Eventually the convoy turned off. I had enough time to see where it went: “Zanker Materials Processing Facility.”
This was no convoy. It was a funeral parade. They are turning our mobile homes into mulch and scrap metal.
So much for “they might be used for farmers in the Central Valley.” Yet another palliative lie.
We turned around and I pulled us off into the dilapidated, unkempt parking lot of a disused pollution control plant. It was too late to go to the storage shed, and I was too tired to ride well. Before long, a security guard showed up. He was from India, had a wonderful accent, and we spent the next hour talking to him.
First we talked about personal philosophies. It started with him explaining that even though it was not in his job description, he would stop to see if people needed help (like us) because we were human beings. Before long you might have thought we’d known each other for years. He told us about his family. And arranged marriages and how families are “run” in his culture. It’s different from mine, but fascinating, and there's a lot of wisdom in what he had to say.
He doesn’t know exactly how old he is, because back then birthdays were reckoned by “it’s the rainy season” and not by specific dates.
After he had told us about himself and his family, he invited us to talk about ourselves, or not, as we chose. It felt like a formal ritual: “First I talk and then, if you have time and are so inclined, I’d love to listen to you talk.” It is not like my culture where everyone talks at once. First him. Then you. I got the idea after a while. You don’t just interject. You listen. Then you talk.

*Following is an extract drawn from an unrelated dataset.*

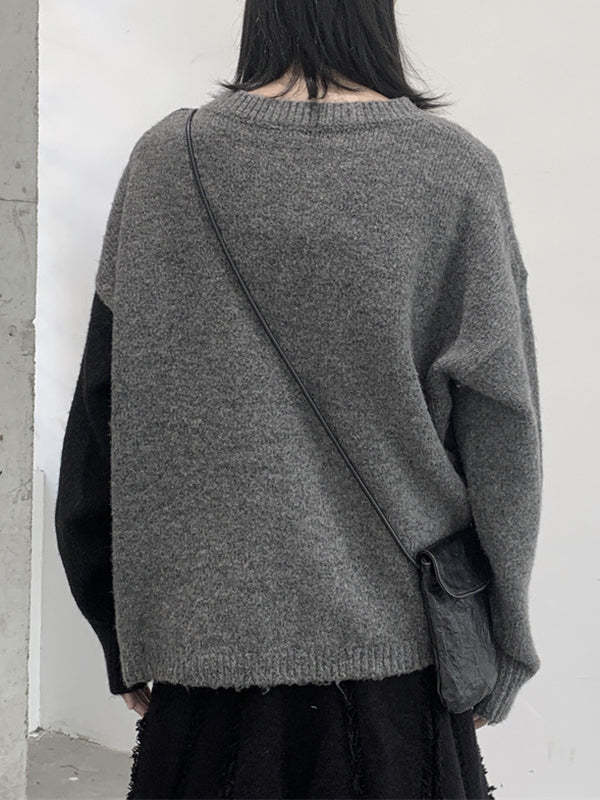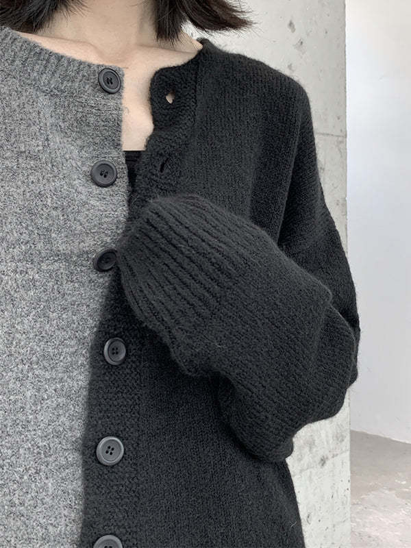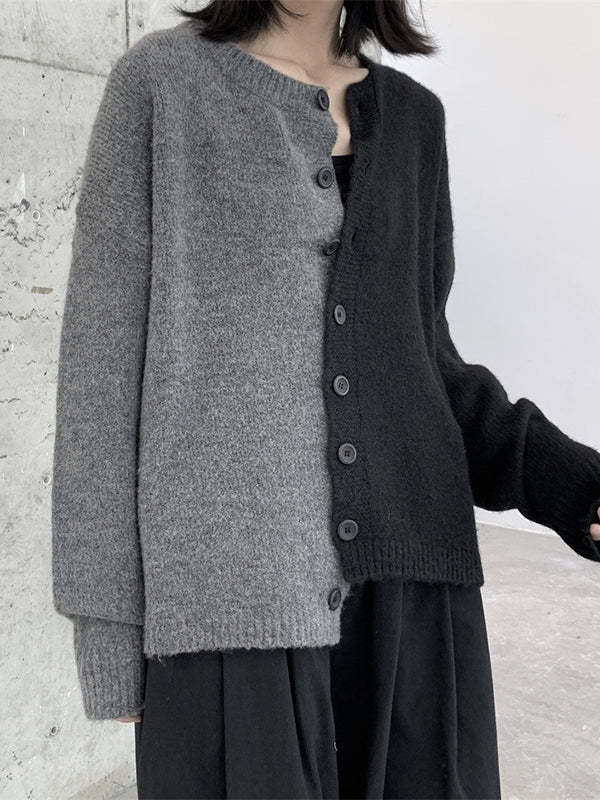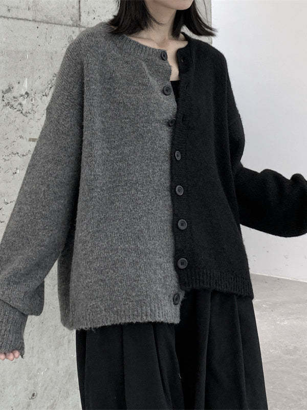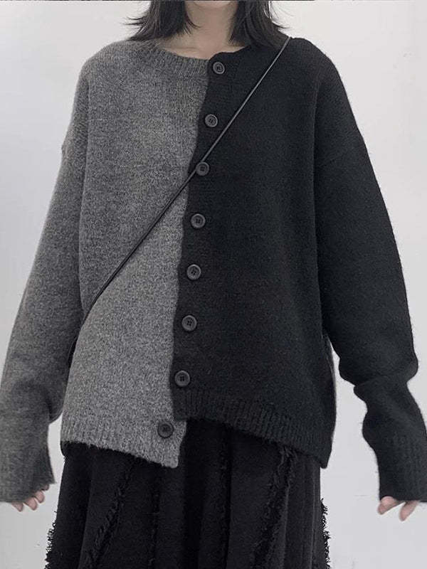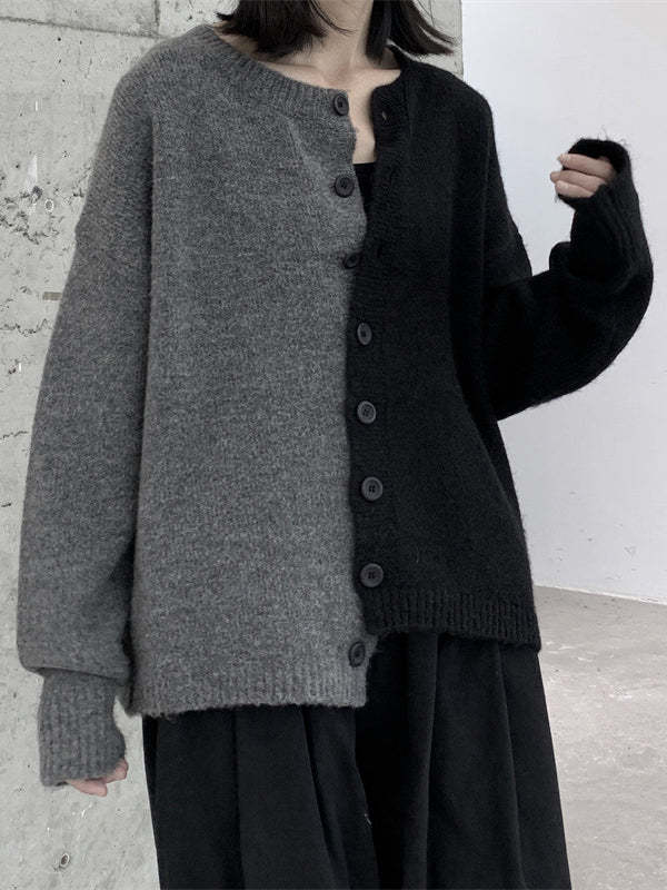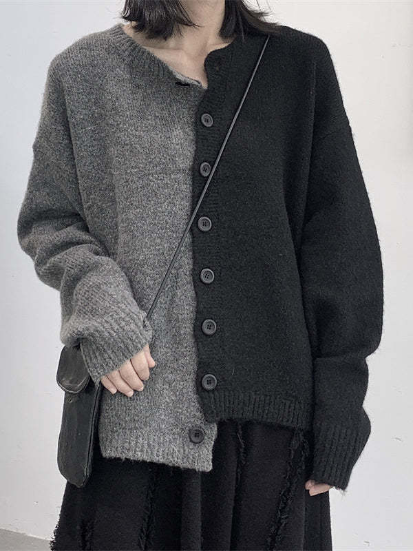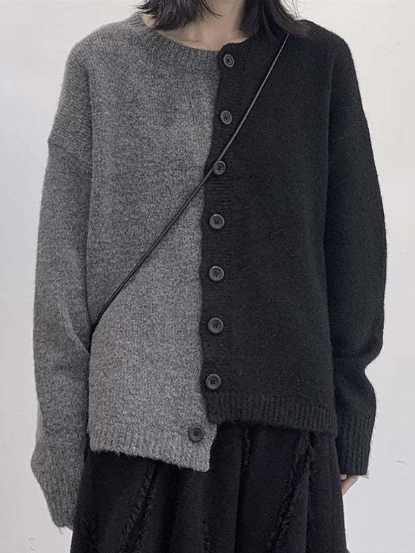 Long Sleeves Loose Asymmetric Buttoned Contrast Color Split-Joint Round-Neck Cardigan Tops
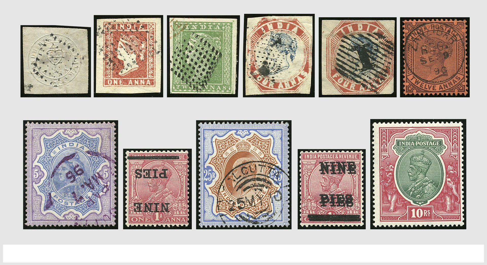 ENGELSE KOLONIËN, India 1852-1938, verzameling o/* op albumbladen met verschillende betere nrs. o.a. S.G. S1, 6, 12, 19, 22, 51, 66, 119/147, 192 a/c, 216/17, etc. Mooi kavel!

We talked for exactly the correct length of time. He told us that we made his day by talking with him. In actual fact, he made ours as well. He distracted me from depressing thoughts about houses being turned into particle board or landfill.
Then we went to Alviso and had a picnic beside the water.
Today was not the day we planned, but it was the right sort of day. It was not according to plan…and yet, somehow, I have this sense that it was.